Говорят, в те дни на улицах Стамбула звучало семьдесят наречий. В громадной Османской империи, даже съежившейся и ослабевшей, вполне обычное было дело, что греки обитают в Египте, персы оседают в Аравии, а армяне проживают со славянами. Христиане и мусульмане всех разновидностей, последователи Алии[38], приверженцы зороастризма[39], иудеи, почитатели Павлиньего Ангела[40] уживались бок о бок в самых невероятных местах и в немыслимых сочетаниях: встречались греки-мусульмане, армяне-католики, арабы-христиане и сербы-иудеи. Стамбул, эта ступица колеса с лопнувшим ободом, был макетом мифических Вифлеема и Вавилона, и, хотя тогда этого никто не понимал, судьба назначила ему стать предтечей и моделью великих столиц мира, какими они будут через сто лет, когда сам он, как ни парадоксально, окончательно утратит свое космополитическое великолепие. Возможно, он обретет его вновь, если только дьявольски ложные идолы национализма, этого лицемерного патриотизма нравственных недорослей, в грядущем веке будут наконец сброшены.

Во времена Рустэм-бея Стамбул все еще был последней яркой инкарнацией Константинополя и Византии, когда названия и правители поменялись, но привычки, установления и обычаи остались прежними. Рустэм неизбежно окунулся в колоритный хаос еще на железнодорожном вокзале, любезно подаренном немцами (чей Кайзер объявил себя покровителем мусульман всего мира), и потому предсказуемо увенчанном башенками, придававшими ему вид крепости.

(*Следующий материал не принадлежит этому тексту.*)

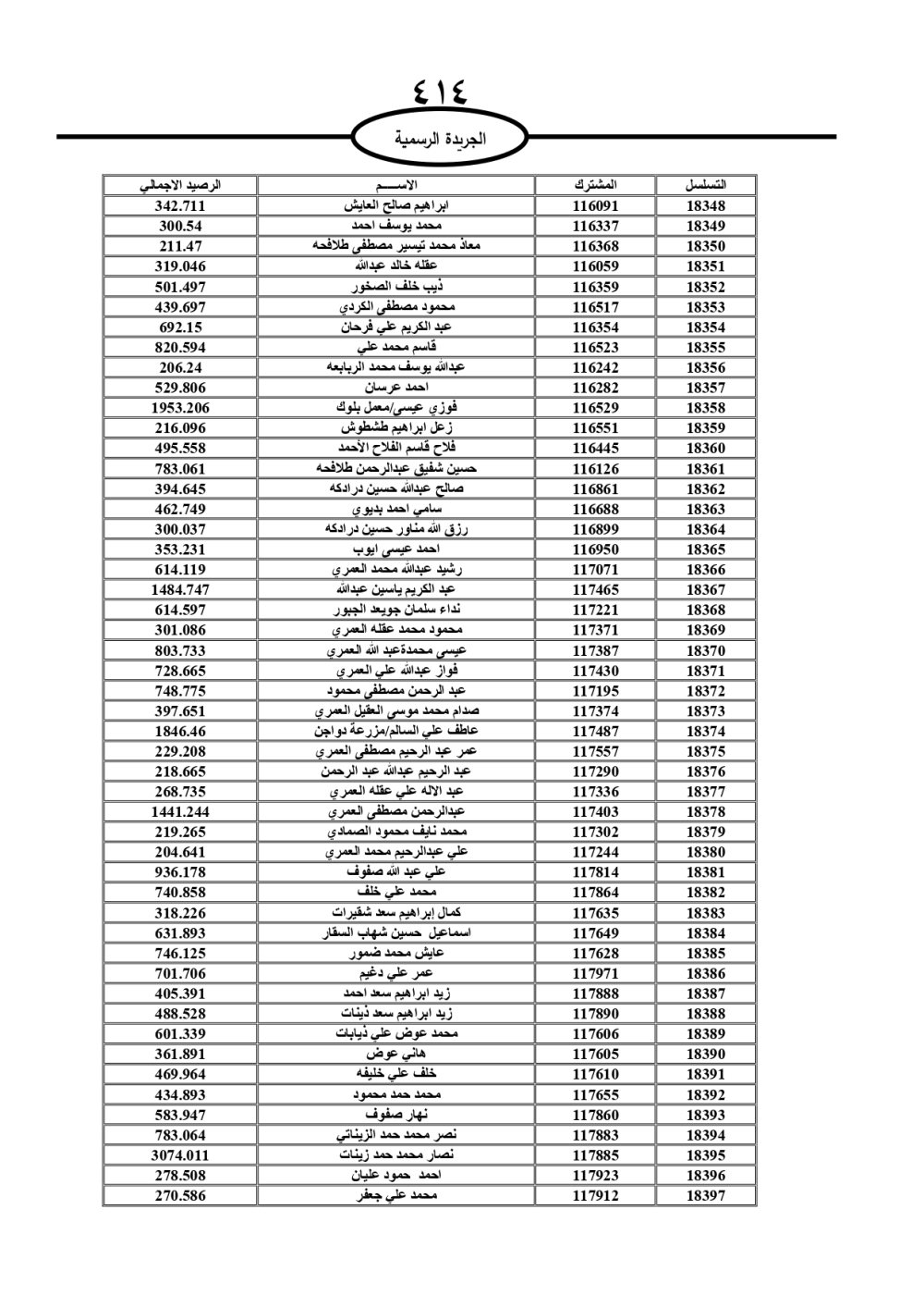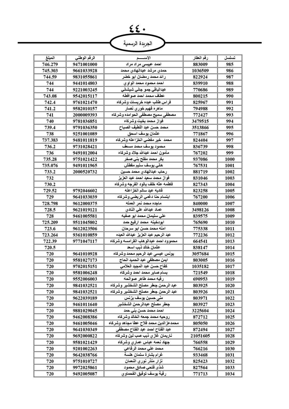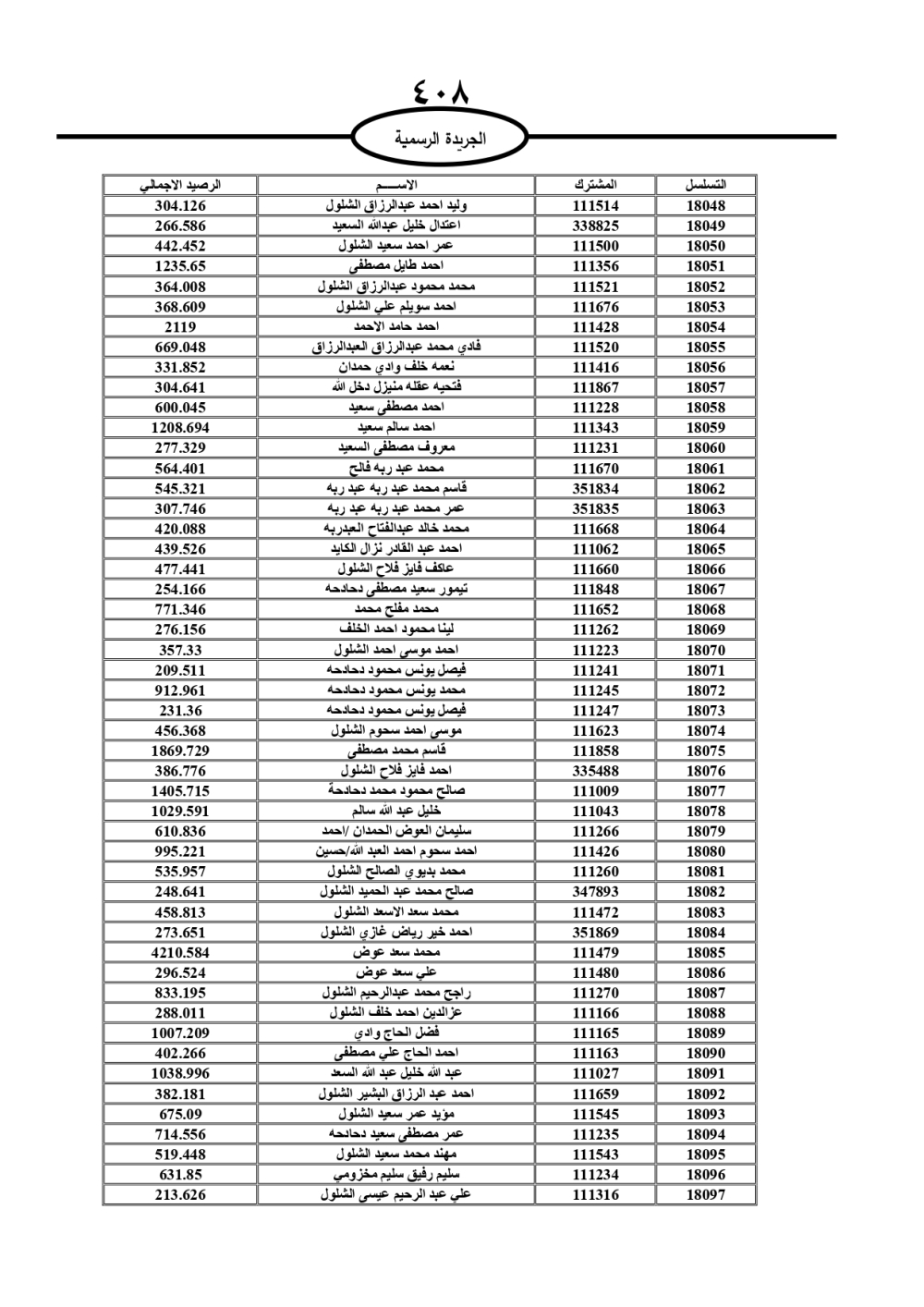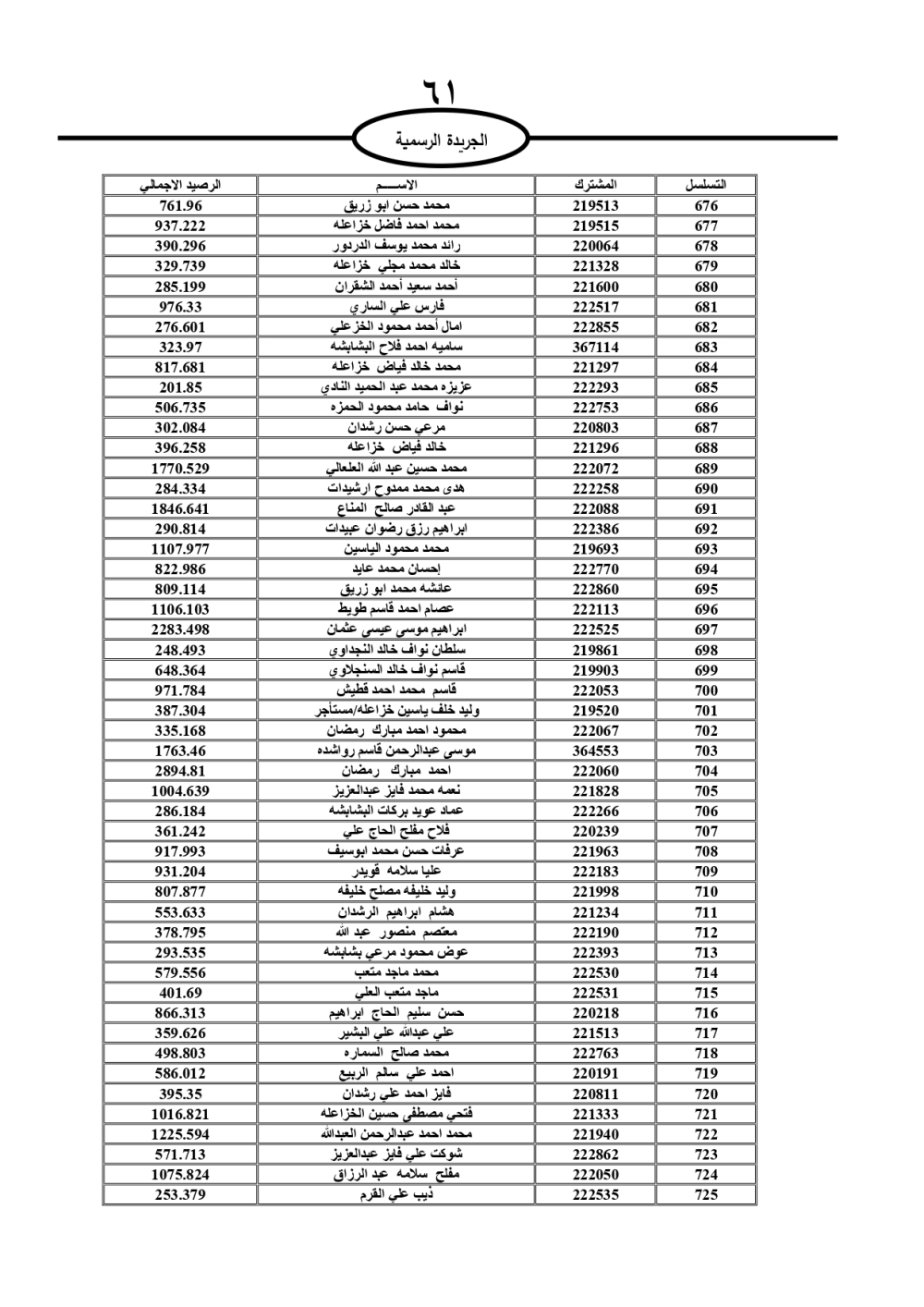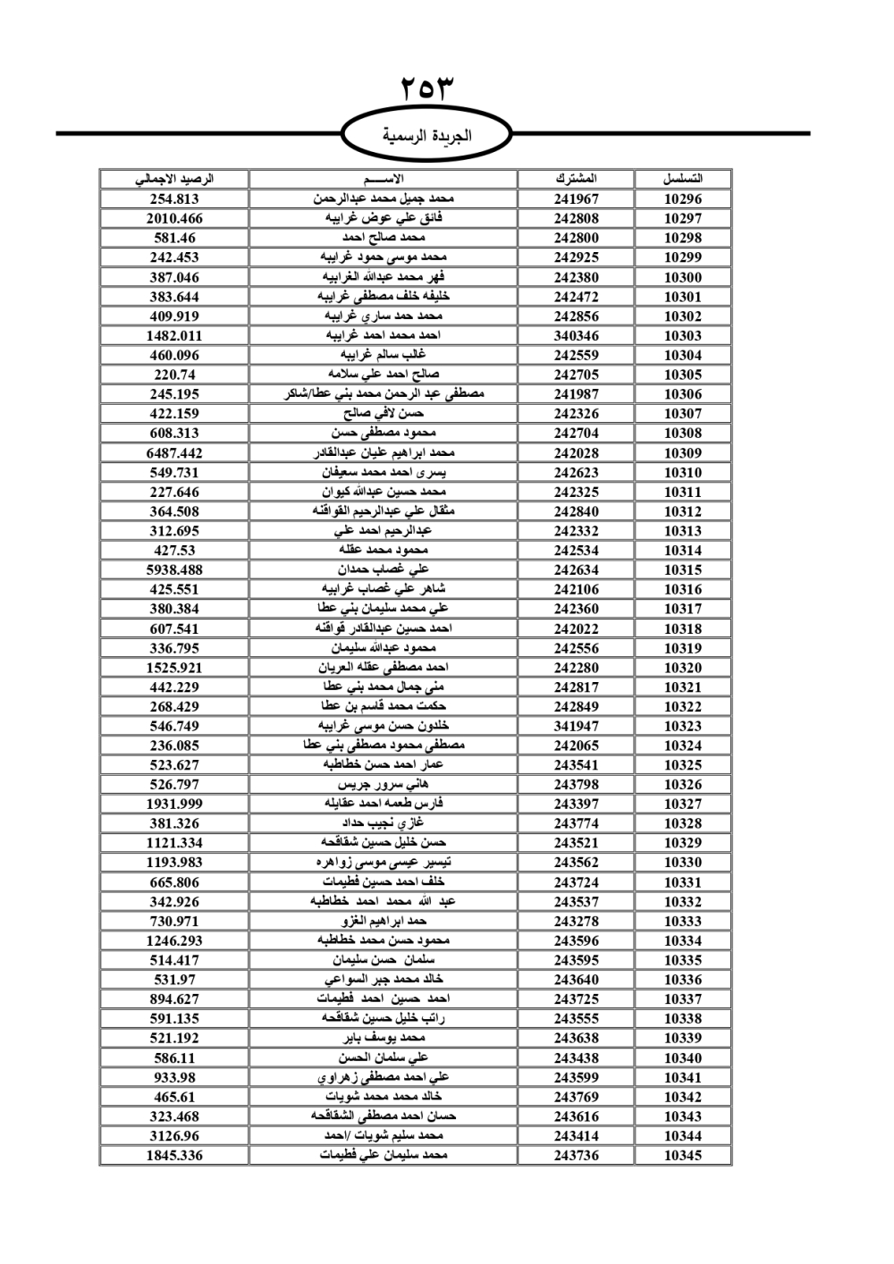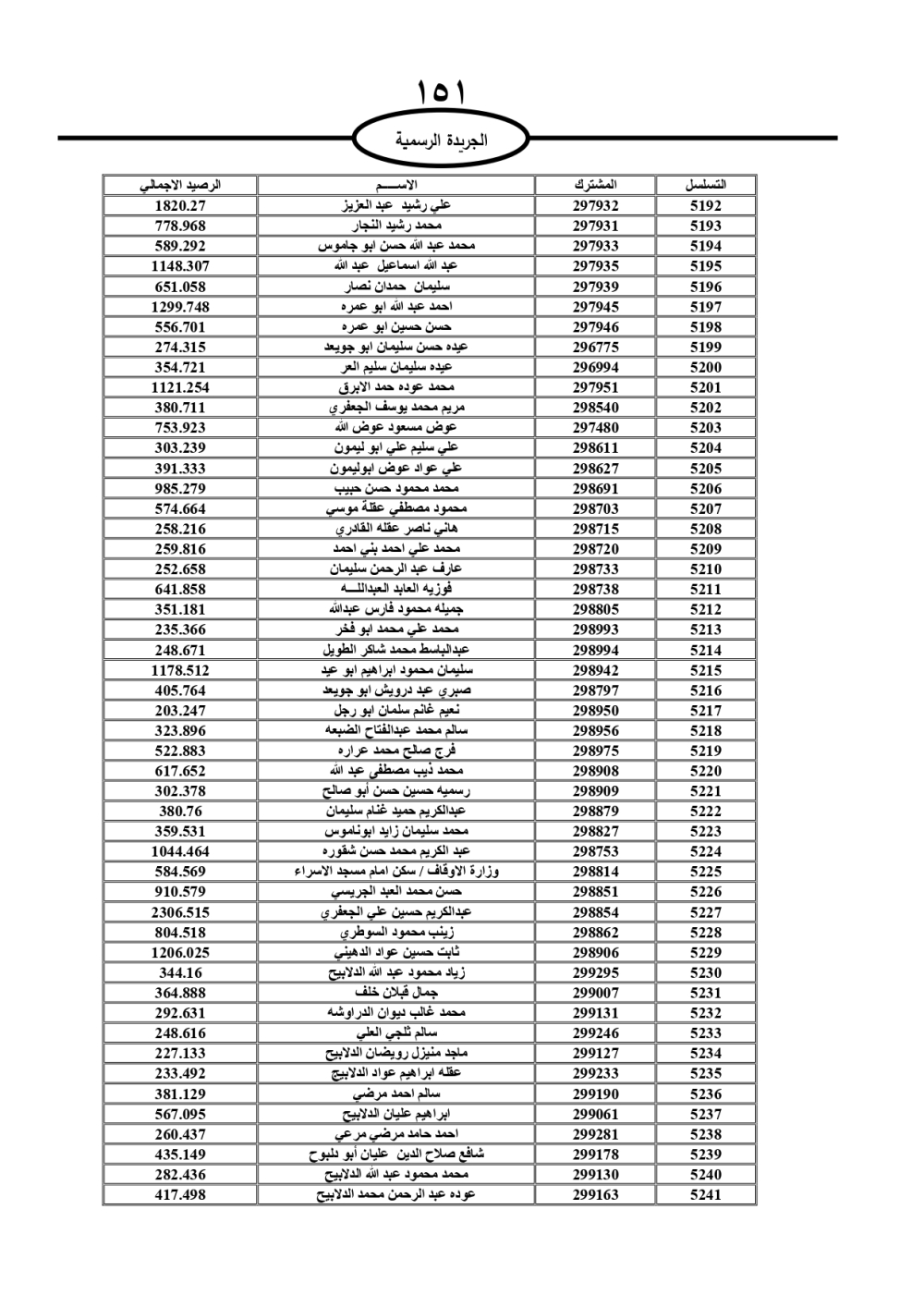 دعت سلطة المياه وبلدية الزرقاء، عشرات آلاف الأردنيين الواردة أسماؤهم بالكشوفات المرفقة، إلى ضرورة مراجعتها لتسوية أوضاعهم المالية كونه ترتب عليهم ذمم مالية، وذلك لتجنب الحجز على الأموال المنقولة وغير المنقولة بعد انقضاء 60 يوما من تاريخ النشر، علما أنه تم نشر هذه الأسماء في الجريدة الرسمية بتاريخ 16/2/2025.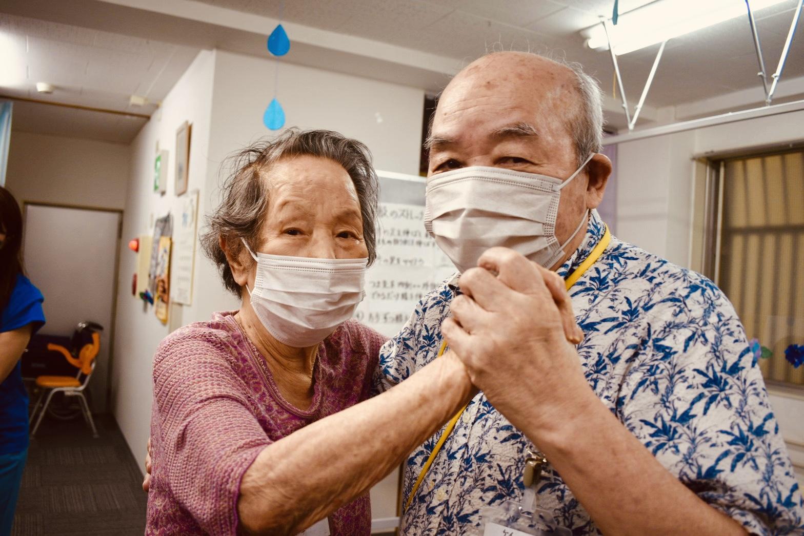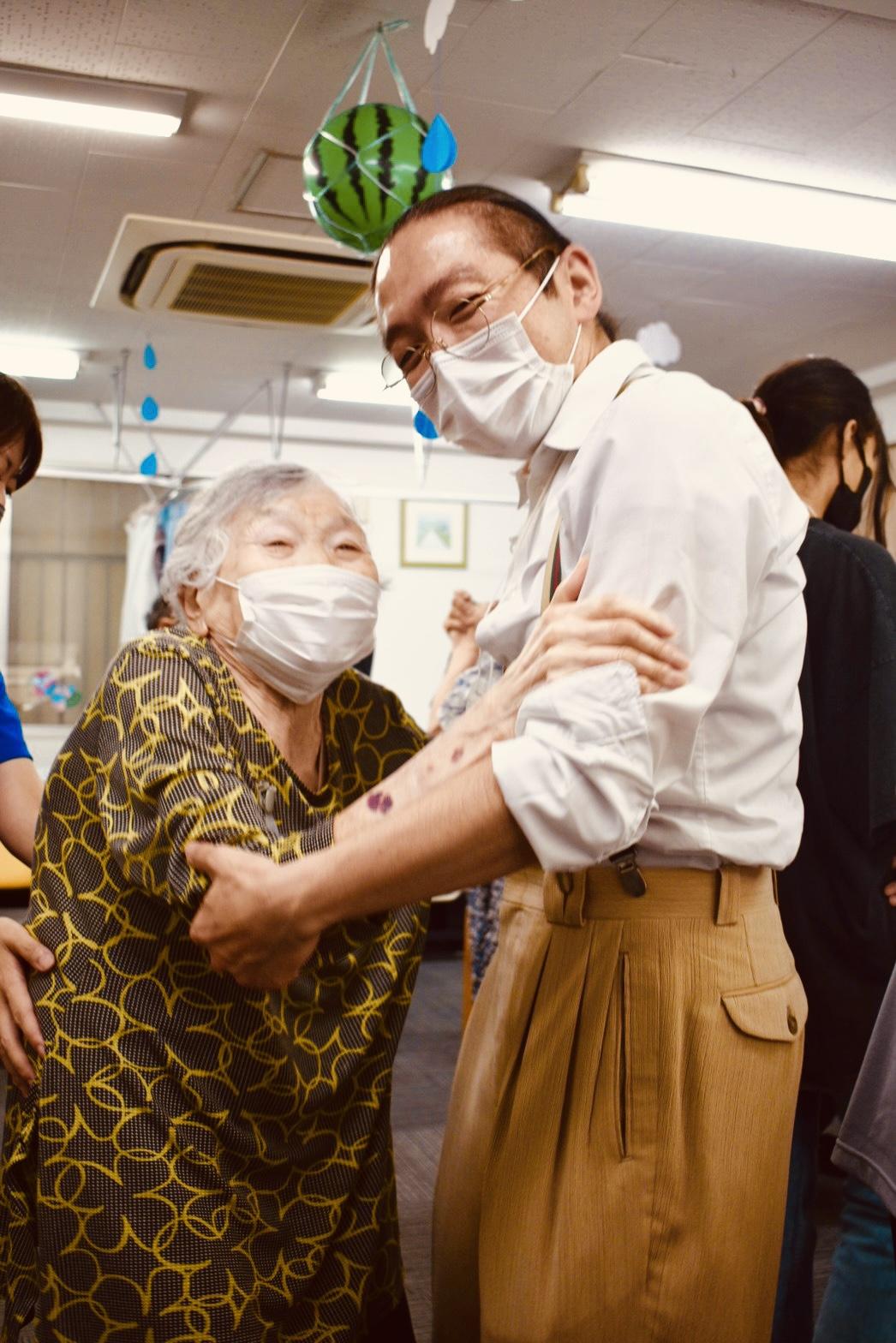 「タンゴセラピーははじめてなのよ!」とおっしゃるご利用者さまも、ステップ練習、ダンスタイムと進むにつれてすっかりなじんで、お誘いするとしっかり立ち上がってタンゴの組み方できれいにステップを踏んでくださいました。プログラムの終わるころには「こんなステップ、知らないかしら?」と左右の足が交差するステップを教えてくださったので、一緒にチャレンジ。うまくできたのでアブラッソ(抱擁)で喜び合いました!

Город неверных Смирна стал хорошей тренировкой перед испытанием невероятной стамбульской суматохой, однако после железнодорожного путешествия Рустэм-бей пребывал далеко не в лучшем расположении духа. Лязгая и скрежеща, состав тащился по горам (непонятно, для чего их столько понадобилось Аллаху), и уже к Эскишехиру у Рустэма, не склонному к исламскому фатализму, лопнуло терпение. В полуденное пекло поезд сделал необъяснимую двухчасовую остановку. Пот со лба затекал в глаза, сбегал на кончики усов и капал на колени. Четырежды состав сдавал далеко назад, и Рустэм, не сдержавшись, вскрикивал: «Пешком и то быстрее, клянусь Аллахом!» Потом чудный пейзаж его почти успокоил, он высунулся в окно, и встречный воздушный поток со злорадной меткостью наградил его крупной соринкой в левом глазу. Слуги суетились, тыча в глаз носовыми платками, смоченными в черной от сажи воде, но лишь усугубляли нанесенную паровозом обиду. Несмотря на все старания Рустэма сохранить в поездке уединение и комфорт, народ неумолимо набивался в вагоны и те трещали по швам. Бессовестные пассажиры скапливались у подъемов, где поезд вынужденно двигался с улиточной скоростью, и запрыгивали на ходу, таща с собой коз, младенцев, рулоны ковров и огромные медные горшки. На официальных остановках, судя по всему, никто не выходил, но садилась тьма народу. Снаружи продавцы без устали торговали сладким чаем из безмерных самоваров, и взад-вперед носились мальчишки с нанизанными на палку пыльными баранками из пресного теста.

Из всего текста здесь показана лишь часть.